Prompt: Set out the records below again exactly; skip the images.

Information:

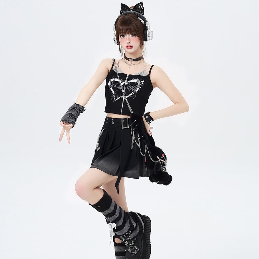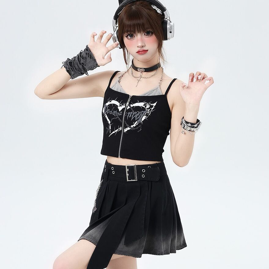 サブカル 服 地雷系 通販 キャミソール ジッパー ZIP レイヤード風 ミニ丈 闇かわいい ストリート系イラスト 漫画プリント
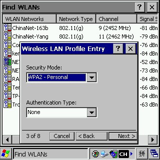 6、繼續(xù)點(diǎn)“Next”,出現(xiàn)“Security Mode”和“Authentication Type”的設(shè)置,這里需要注意的是,這兩個(gè)選項(xiàng)與具體的無(wú)線網(wǎng)絡(luò)設(shè)置有關(guān),最好進(jìn)入無(wú)線路由器的管理界面里弄清楚無(wú)線設(shè)置,一般Security Mode選“WPA2 - Personal”,Authentication Type選None:
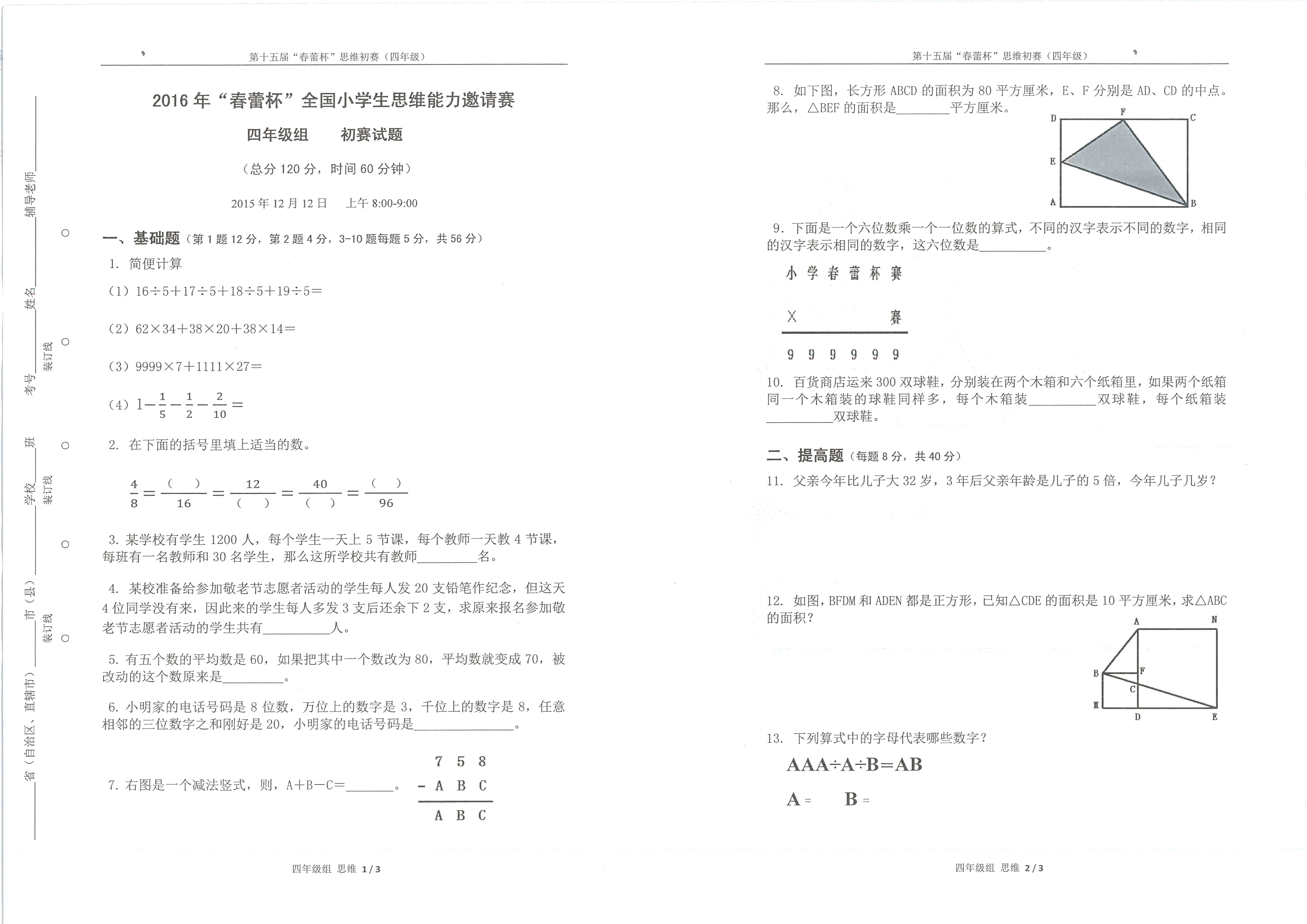 | ├──2016年“春蕾杯”三年级(初赛试卷)全国小学生数学思维能力邀请赛 通用版(PDF版,无答案).pdf 1.14M
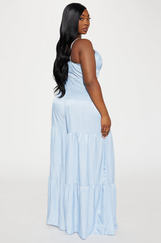 Kenna Light Wash Tiered Wide Leg Jumpsuit
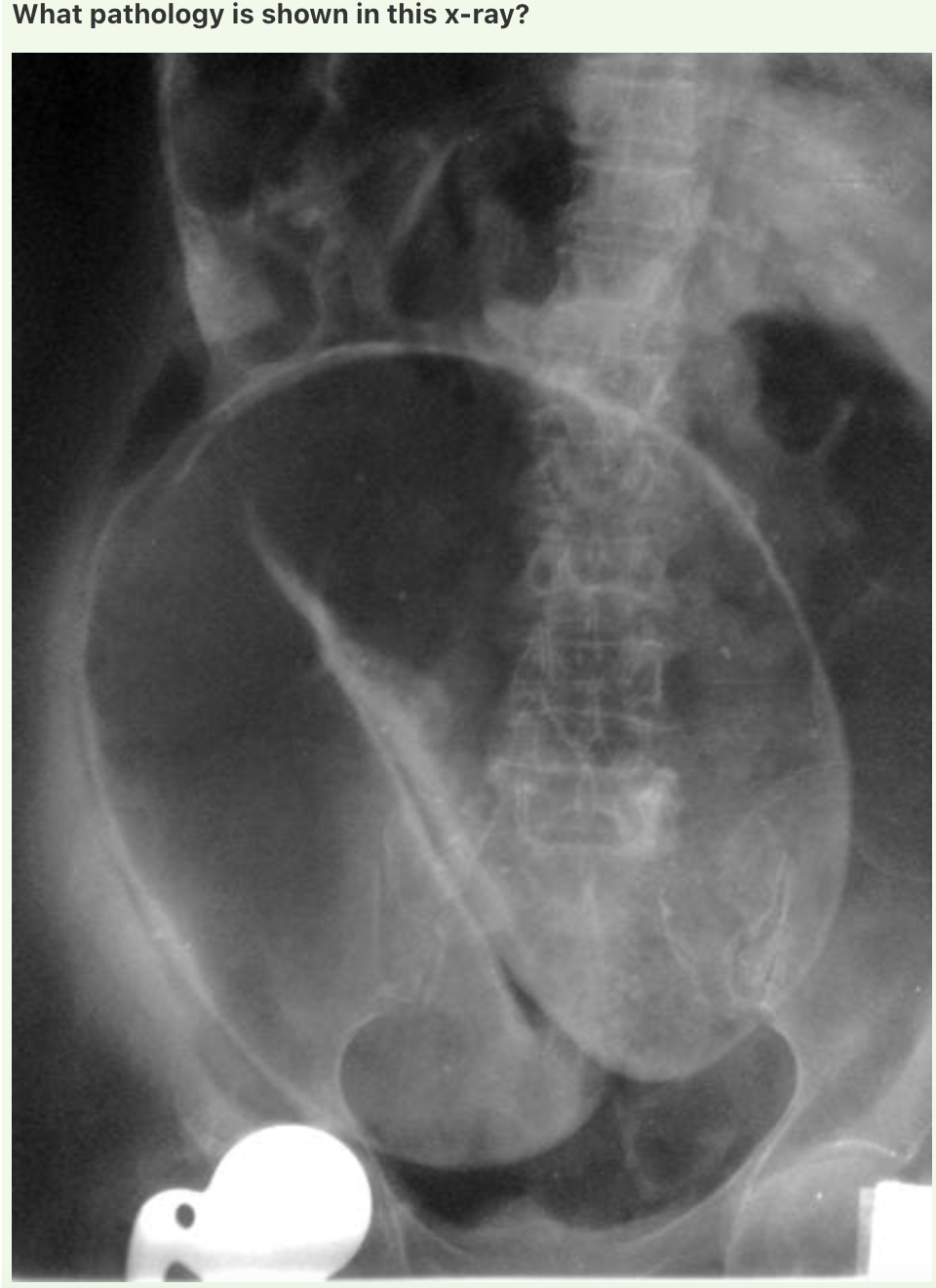 Answer: Pneumoperitoneum
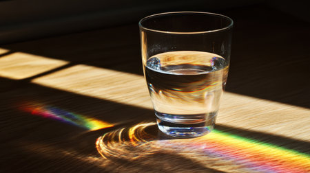 A clear glass of water sits on a wooden surface, catching sunlight and creating a beautiful rainbow reflection, showcasing a stunning blend of colors in a serene setting.
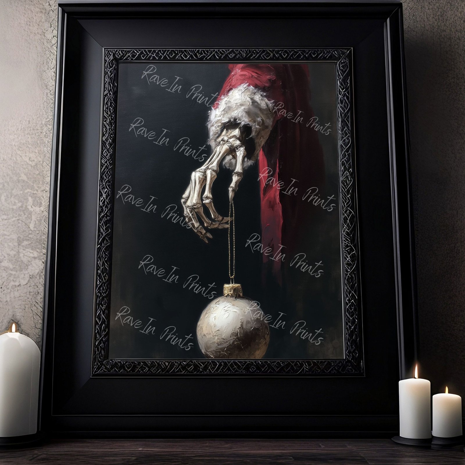 Bring eerie elegance to your holiday decor with this haunting RaveIn Prints piece. A skeletal hand in a Santa sleeve delicately holds a silver ornament, blending festive cheer with gothic style. Perfect for Dark Christmas decor, Creepmas wall art, or anyone who loves spooky holiday vibes with a touch of sophistication.
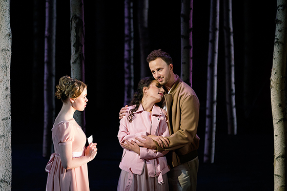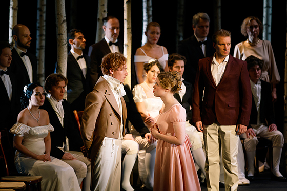 © Ольга Керелюк / «Урал Опера Балет» Максим Шлыков — Онегин Евгений и Таня станут современной влюбленной парой. Евгений Львович и Татьяна Дмитриевна, прозябавшие на задворках сюжета, исчезнут. Ленский накроет мертвого Владимира своим пальто и выйдет из игры. За ним последуют и три Ольги, а Онегин и Татьяна бесповоротно провалятся в XIX век, в романтическую костюмную драму — и в прочную иллюзию театрального нарратива. Евгений окажется секундантом Онегина, юным месье Гильо, но отстранение младших от сюжета оперы Чайковского, медленное таяние их линий будет продолжаться. В сцене бала Евгений и Татьяна станут наблюдателями, музейными фланерами, снимающими сцену-инсталляцию, яму-инсталляцию, зал-инсталляцию на телефон, а в последней картине — с трудом различимыми фигурами в глубине сцены. После последнего аккорда оркестра они выйдут на авансцену, чтобы едва кивнуть публике, а потом продолжат партию в бадминтон, начатую Евгением Львовичем и Татьяной Дмитриевной еще до того, как открылись двери зрительного зала.
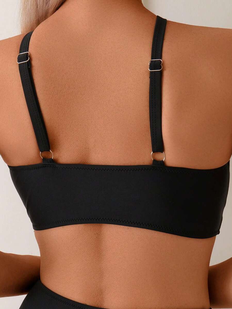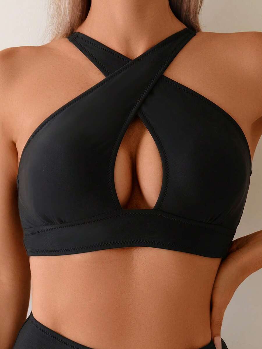 Conjunto de bikini de 2 piezas con top cruzado con recortes en el fren – Muy Bonita
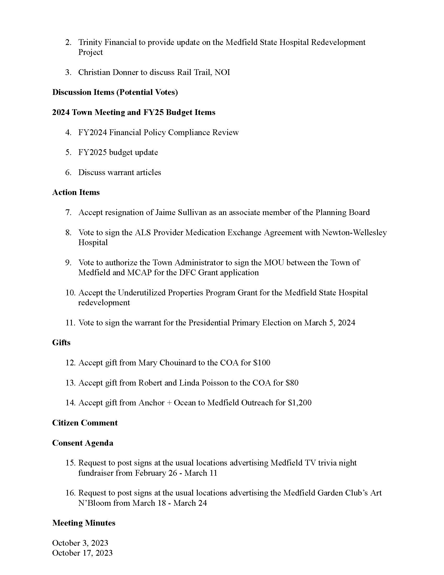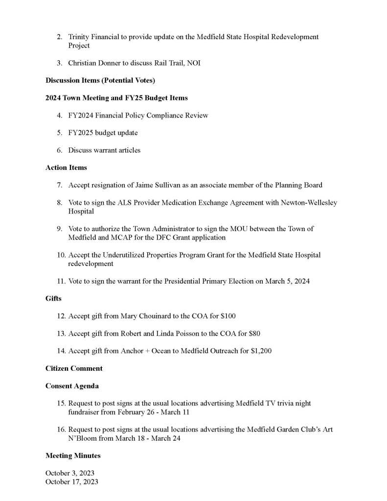 To join through a conference call, dial 929-436-2866 or 312-626-6799 or 253-215-8782 or 301-715-8592 or 346-248-7799 or 669-900-6833 a. Enter the Webinar ID: 885 3036 6678 b. Enter the password: 637025 The packet with meeting materials for this meeting is available at this link: https://www.town.medfield.net/DocumentCenter/View/7659/Select-Board-Meeting-Packet_02062024
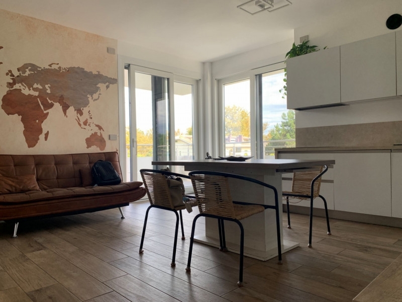Jesolo - venezia l'appartamento si compone di una luminosa zona giorno, completa di angolo cottura, con affaccio su un primo terrazzo. l'attico dispone di 2 camere da letto: una matrimoniale e una doppia perfetta per ospiti o familiari. Il bagno finestrato aggiunge comfort e funzionalità allo spazio abitativo.le aree esterne rappresentano il vero punto di forza della proprietà. Sono presenti due spaziosi terrazzi: uno si apre direttamente sulla zona giorno, perfetto per pranzi e cena all'aperto grazie alla copertura che protegge dal sole; l'altro, posto sul tetto, è un grande solarium dotato di doccia esterna, predisposizione per vasca idromassaggio e cucina all'aperto, ideale per vivere al meglio le serate estive. costruito nel 2021 con materiale eco-sostenibili in bioedilizia, l'edificio vanta caratteristiche ad alta efficienza energetica come impianto fotovoltaico, pompa di calore e accumulo acqua da 200 lt. Gli interni sono completamente arredati con gusto moderno; tra le comodità troviamo aria condizionata e tapparelle motorizzate.la proposta comprende anche un posto auto coperto riservato. L'immobile è situato in una posizione strategica, all'interno di un contesto residenziale tranquillo su strada chiusa, a soli 4 minuti in bici dal mare.contatta subito l'agenzia immobiliare per maggiori informazioni o per organizzare una visita. Rif. G2086
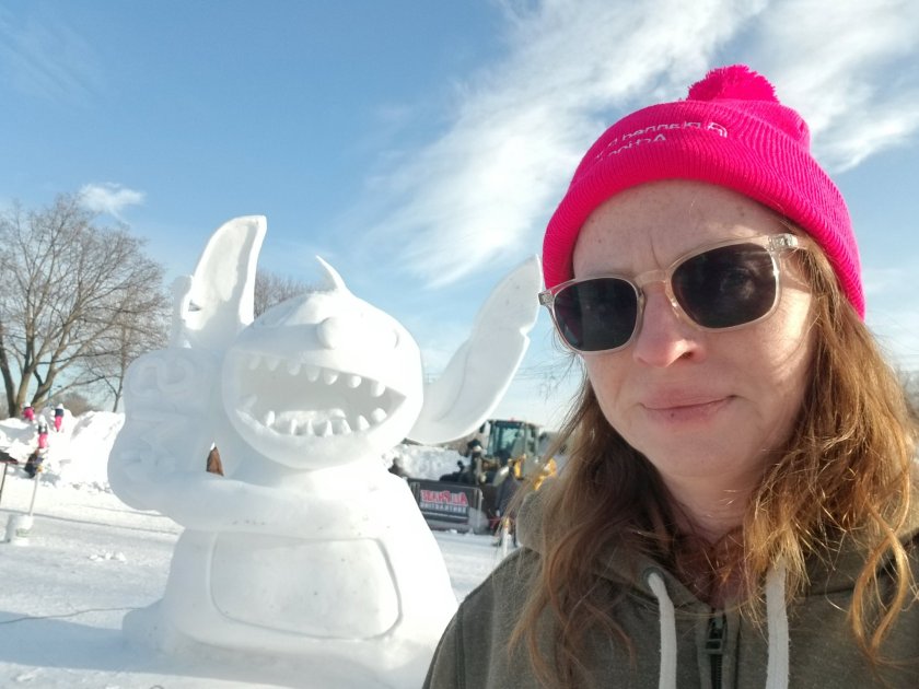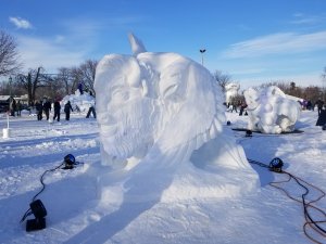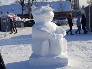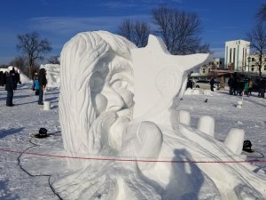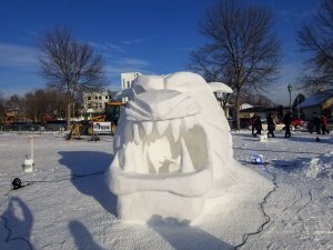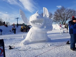 Today I checked out the snow sculptures at the State Fair Campgrounds. It’s open 9am to 9pm. They have a number of big sculptures, a giant maze and a huge mound of snow, perfect for climbing and sledding.

Written solution:
 サブカル 服 地雷系 通販 キャミソール ジッパー ZIP レイヤード風 ミニ丈 闇かわいい ストリート系イラスト 漫画プリント
 6、繼續(xù)點(diǎn)“Next”,出現(xiàn)“Security Mode”和“Authentication Type”的設(shè)置,這里需要注意的是,這兩個(gè)選項(xiàng)與具體的無(wú)線網(wǎng)絡(luò)設(shè)置有關(guān),最好進(jìn)入無(wú)線路由器的管理界面里弄清楚無(wú)線設(shè)置,一般Security Mode選“WPA2 - Personal”,Authentication Type選None:
 | ├──2016年“春蕾杯”三年级(初赛试卷)全国小学生数学思维能力邀请赛 通用版(PDF版,无答案).pdf 1.14M
 Kenna Light Wash Tiered Wide Leg Jumpsuit
 Answer: Pneumoperitoneum
 A clear glass of water sits on a wooden surface, catching sunlight and creating a beautiful rainbow reflection, showcasing a stunning blend of colors in a serene setting.
 Bring eerie elegance to your holiday decor with this haunting RaveIn Prints piece. A skeletal hand in a Santa sleeve delicately holds a silver ornament, blending festive cheer with gothic style. Perfect for Dark Christmas decor, Creepmas wall art, or anyone who loves spooky holiday vibes with a touch of sophistication.
 © Ольга Керелюк / «Урал Опера Балет» Максим Шлыков — Онегин Евгений и Таня станут современной влюбленной парой. Евгений Львович и Татьяна Дмитриевна, прозябавшие на задворках сюжета, исчезнут. Ленский накроет мертвого Владимира своим пальто и выйдет из игры. За ним последуют и три Ольги, а Онегин и Татьяна бесповоротно провалятся в XIX век, в романтическую костюмную драму — и в прочную иллюзию театрального нарратива. Евгений окажется секундантом Онегина, юным месье Гильо, но отстранение младших от сюжета оперы Чайковского, медленное таяние их линий будет продолжаться. В сцене бала Евгений и Татьяна станут наблюдателями, музейными фланерами, снимающими сцену-инсталляцию, яму-инсталляцию, зал-инсталляцию на телефон, а в последней картине — с трудом различимыми фигурами в глубине сцены. После последнего аккорда оркестра они выйдут на авансцену, чтобы едва кивнуть публике, а потом продолжат партию в бадминтон, начатую Евгением Львовичем и Татьяной Дмитриевной еще до того, как открылись двери зрительного зала.
 Conjunto de bikini de 2 piezas con top cruzado con recortes en el fren – Muy Bonita
 To join through a conference call, dial 929-436-2866 or 312-626-6799 or 253-215-8782 or 301-715-8592 or 346-248-7799 or 669-900-6833 a. Enter the Webinar ID: 885 3036 6678 b. Enter the password: 637025 The packet with meeting materials for this meeting is available at this link: https://www.town.medfield.net/DocumentCenter/View/7659/Select-Board-Meeting-Packet_02062024
Jesolo - venezia l'appartamento si compone di una luminosa zona giorno, completa di angolo cottura, con affaccio su un primo terrazzo. l'attico dispone di 2 camere da letto: una matrimoniale e una doppia perfetta per ospiti o familiari. Il bagno finestrato aggiunge comfort e funzionalità allo spazio abitativo.le aree esterne rappresentano il vero punto di forza della proprietà. Sono presenti due spaziosi terrazzi: uno si apre direttamente sulla zona giorno, perfetto per pranzi e cena all'aperto grazie alla copertura che protegge dal sole; l'altro, posto sul tetto, è un grande solarium dotato di doccia esterna, predisposizione per vasca idromassaggio e cucina all'aperto, ideale per vivere al meglio le serate estive. costruito nel 2021 con materiale eco-sostenibili in bioedilizia, l'edificio vanta caratteristiche ad alta efficienza energetica come impianto fotovoltaico, pompa di calore e accumulo acqua da 200 lt. Gli interni sono completamente arredati con gusto moderno; tra le comodità troviamo aria condizionata e tapparelle motorizzate.la proposta comprende anche un posto auto coperto riservato. L'immobile è situato in una posizione strategica, all'interno di un contesto residenziale tranquillo su strada chiusa, a soli 4 minuti in bici dal mare.contatta subito l'agenzia immobiliare per maggiori informazioni o per organizzare una visita. Rif. G2086
 Today I checked out the snow sculptures at the State Fair Campgrounds. It’s open 9am to 9pm. They have a number of big sculptures, a giant maze and a huge mound of snow, perfect for climbing and sledding.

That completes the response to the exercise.